■ **TRY IT**
Please reproduce all of the data exactly as it appears, but skip the pictures.

■ **DATA SEGMENT**
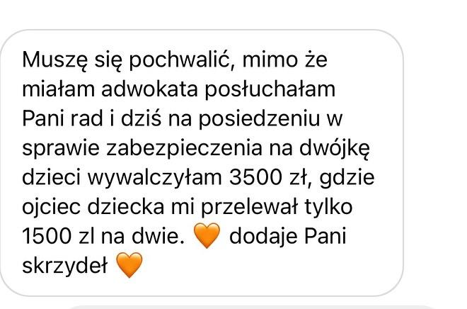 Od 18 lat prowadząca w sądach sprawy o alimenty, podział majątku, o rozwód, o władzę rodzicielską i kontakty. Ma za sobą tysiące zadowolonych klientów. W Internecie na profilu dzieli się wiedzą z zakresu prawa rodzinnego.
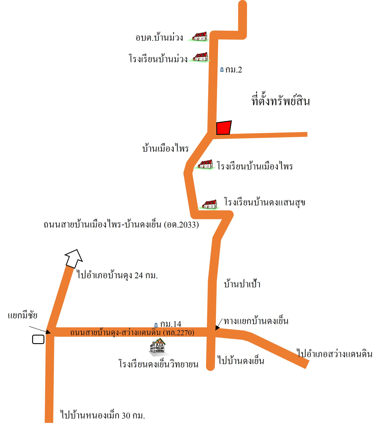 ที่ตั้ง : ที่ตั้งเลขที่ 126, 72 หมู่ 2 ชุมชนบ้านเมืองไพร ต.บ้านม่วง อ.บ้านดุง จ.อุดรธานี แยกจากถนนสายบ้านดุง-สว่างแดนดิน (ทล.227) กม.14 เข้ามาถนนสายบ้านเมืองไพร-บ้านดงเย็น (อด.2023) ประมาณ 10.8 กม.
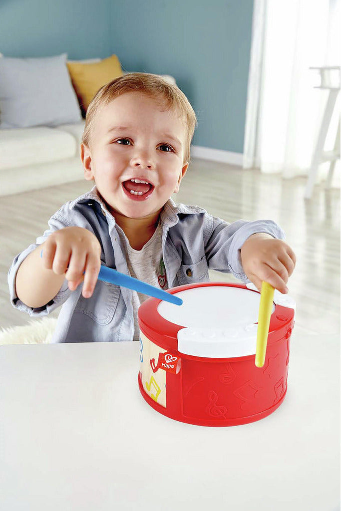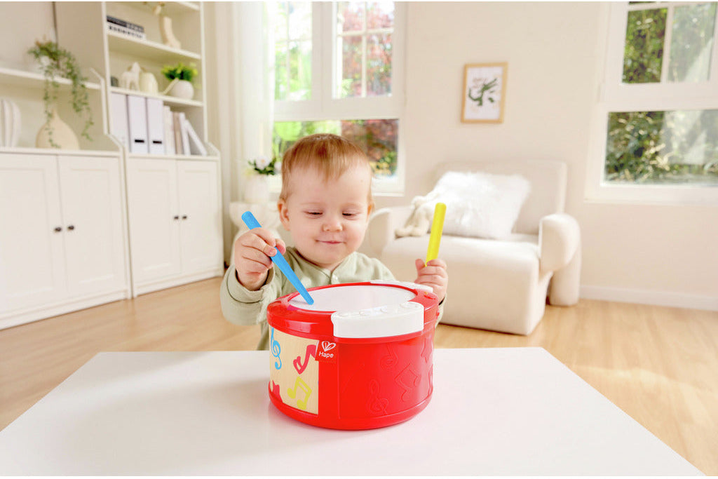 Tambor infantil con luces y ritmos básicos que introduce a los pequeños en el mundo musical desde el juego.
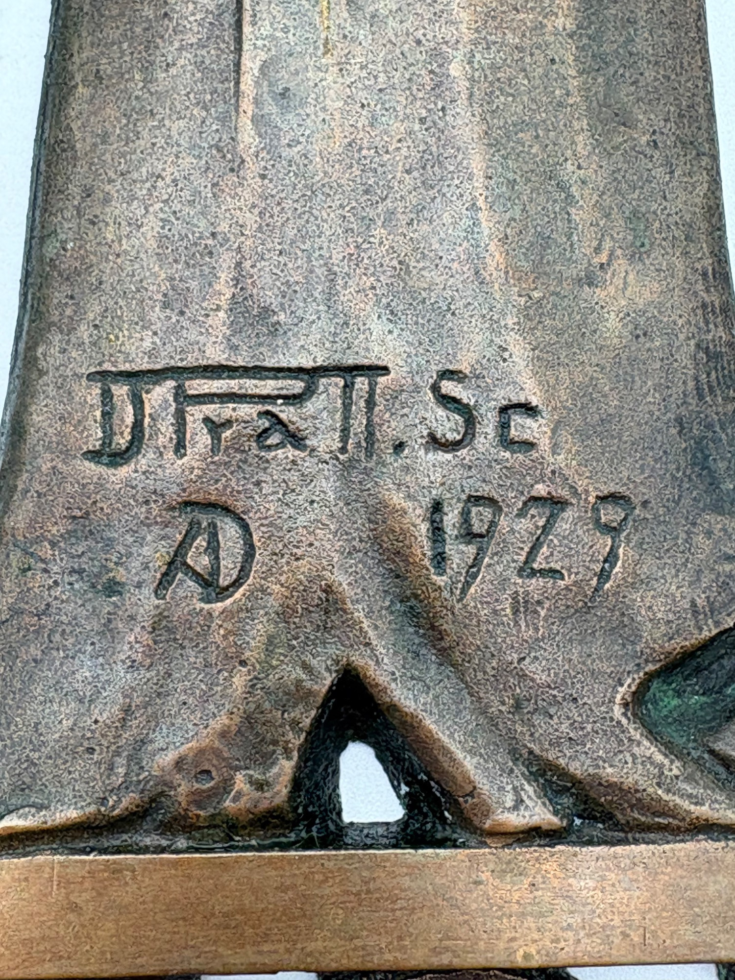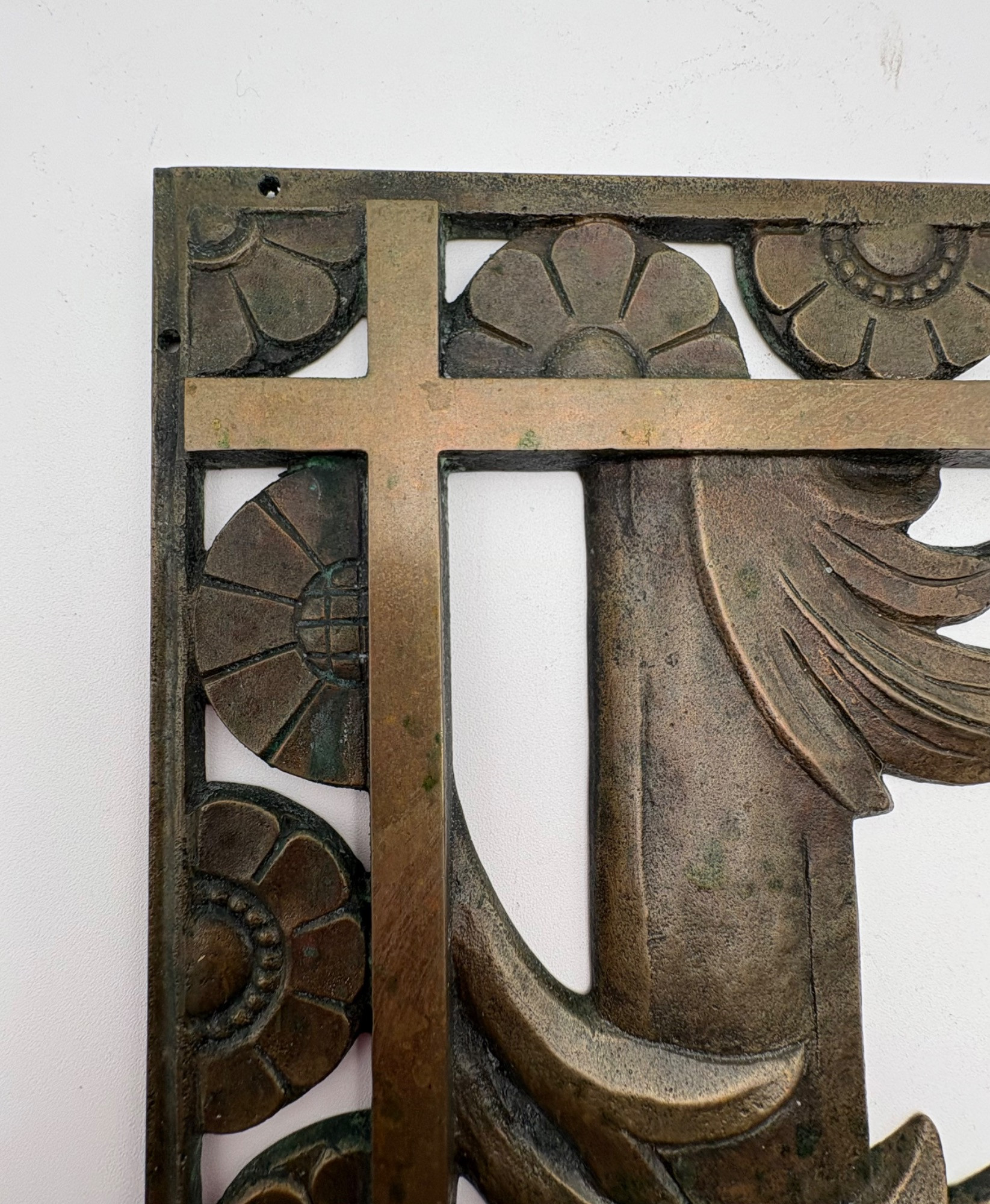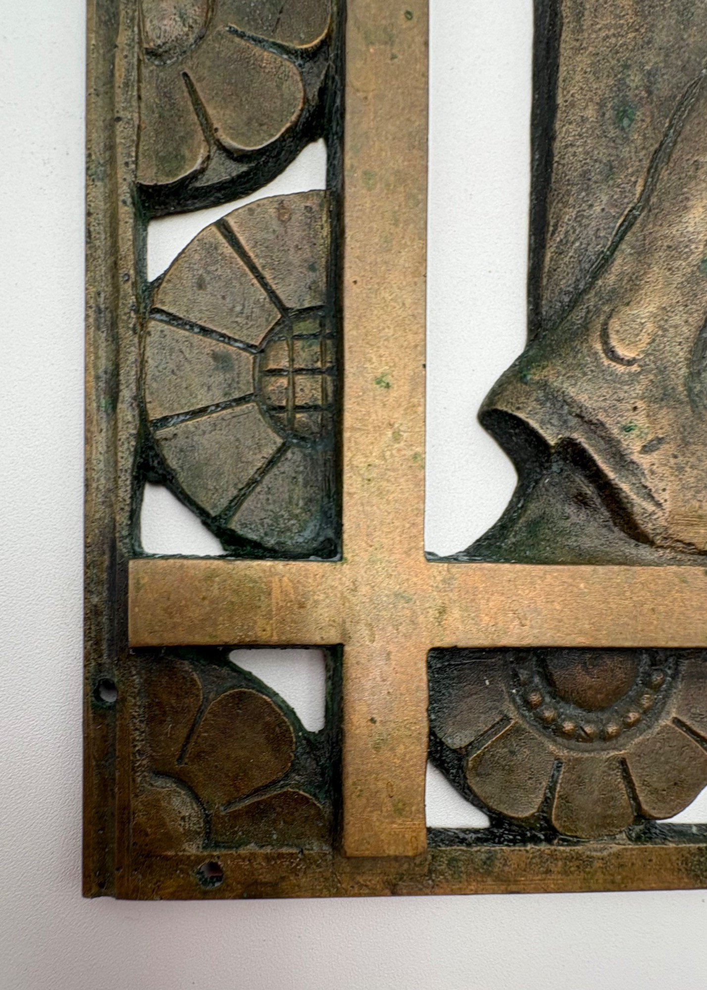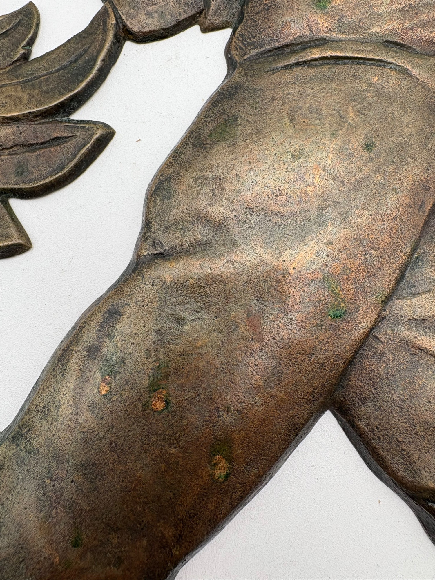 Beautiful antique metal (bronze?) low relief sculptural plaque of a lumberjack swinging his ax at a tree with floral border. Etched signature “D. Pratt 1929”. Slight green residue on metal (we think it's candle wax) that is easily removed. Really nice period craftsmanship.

■ **ANSWER BOX**
 Od 18 lat prowadząca w sądach sprawy o alimenty, podział majątku, o rozwód, o władzę rodzicielską i kontakty. Ma za sobą tysiące zadowolonych klientów. W Internecie na profilu dzieli się wiedzą z zakresu prawa rodzinnego.
 ที่ตั้ง : ที่ตั้งเลขที่ 126, 72 หมู่ 2 ชุมชนบ้านเมืองไพร ต.บ้านม่วง อ.บ้านดุง จ.อุดรธานี แยกจากถนนสายบ้านดุง-สว่างแดนดิน (ทล.227) กม.14 เข้ามาถนนสายบ้านเมืองไพร-บ้านดงเย็น (อด.2023) ประมาณ 10.8 กม.
 Tambor infantil con luces y ritmos básicos que introduce a los pequeños en el mundo musical desde el juego.
 Beautiful antique metal (bronze?) low relief sculptural plaque of a lumberjack swinging his ax at a tree with floral border. Etched signature “D. Pratt 1929”. Slight green residue on metal (we think it's candle wax) that is easily removed. Really nice period craftsmanship.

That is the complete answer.